I am not going to spend a lot of time discussing the crass behavior of a 17 year old. Boys will be boys and, as Ray Davies crooned, "he married Betty Lou back in 65 / when you had to be butch to survive", being effeminate made you a target of all sorts of ridicule and violence in those days.
Its not the past but the present that Mr Romney's actions ought to be examined. Those of us who came of age during Watergate know it isn't the crime, its the cover-up that gets you and Mr. Romney's "I can't recall" leaves a bitter taste in the mouth of those of us who watched Mr. Ehrlichman say the same thing some 150 times during the hearings. While it seems hard to believe that Mr. Romney wouldn't remember the incident at all it is even worse if he actually did manage to erase it from his mind. What does it say about his character that he could so thoroughly forgot such a sordid action on his part? Mr.
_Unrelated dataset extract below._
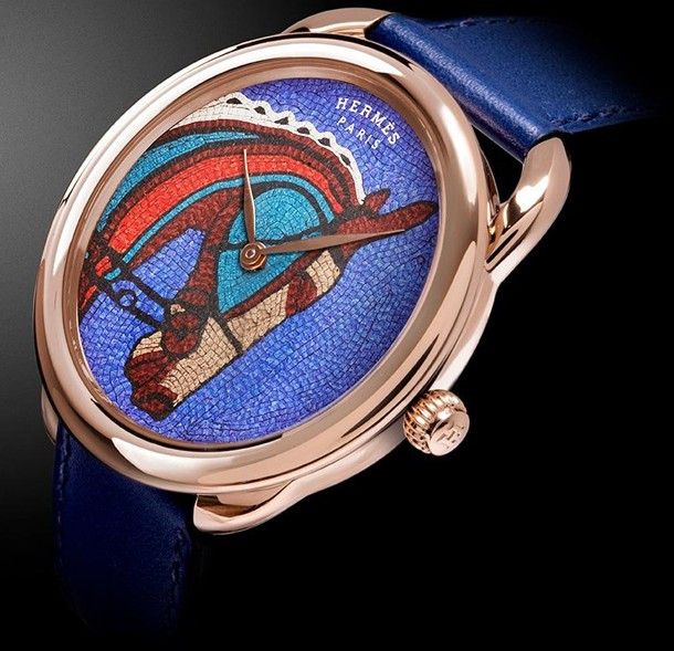 В 2018 году часы Arceau Robe du Soir, пропитанные наследием Hermes, получили новую реализацию в ограниченной серии из 12 экземпляров. Слово «мозаика» вызывает в воображении образ игры искусства и света, точную сборку разноцветных фрагментов, сочетание которых образует художественный мотив. Полтора года исследований и разработок были посвящены разработке процесса, который десятки лет был в забвении. В течение нескольких недель ремесленник терпеливо занимался миниатюрным произведением искусства, состоящим из тысяч разноцветных кожаных квадратов. Было вырезано не менее 3500 мелких деталей из тщательно отобранной крупнозернистой телячьей кожи, прежде чем вписаться в маленькое пространство циферблата. Рисунок изобразил профиль лошади, который ранее украшал шелковый шарф Hermes «Robe du Soir» Флоренс Манлик в 2018 году. В общей сложности 2200 крошечных кожаных квадратов образуют конный мотив, украшающий циферблат. Часы с корпусом из розового золота 18к имеют диаметр 41 мм. Лошадь изображена в ярких оттенках на сочном синем фоне. В этом же оттенке изготовлен ремешок из телячьей кожи. В центре циферблата расположены часовая и минутная стрелки. Часы комплектуются автоматическим мануфактурным механизмом, которым можно любоваться через сапфировое стекло.

Romney had a great opportunity to demonstrate to us his humanity; imagine if he had hung his head and said how ashamed he was for his actions, how sorry he was that he had never attempted to make amends, and that he carries the guilt of that event around forever and uses it to make him strive to be more tolerant of others. The real Romney was what we saw; the blank look and the bland apology, "I don't remember but I am sorry for any hurt that was caused" accepts no responsibility and offers little solace.
Mr. Nixon had a number of fine qualities; he worked hard and he was smart. What everybody felt he lacked was a moral center, a sense that certain things were right or wrong on the merits of the thing, not how they affected Nixon. Mr. Romney, who also works hard and is smart, does not come off as a paranoid or that he feels persecuted but he behaves as if he is slumming when he deals with other, less well-connected, people. Mr. Nixon resented the owners of the country club, Mr. Romney owns the country club, yet both of them demonstrate in their different ways that the ethos that guide others do not pertain to them.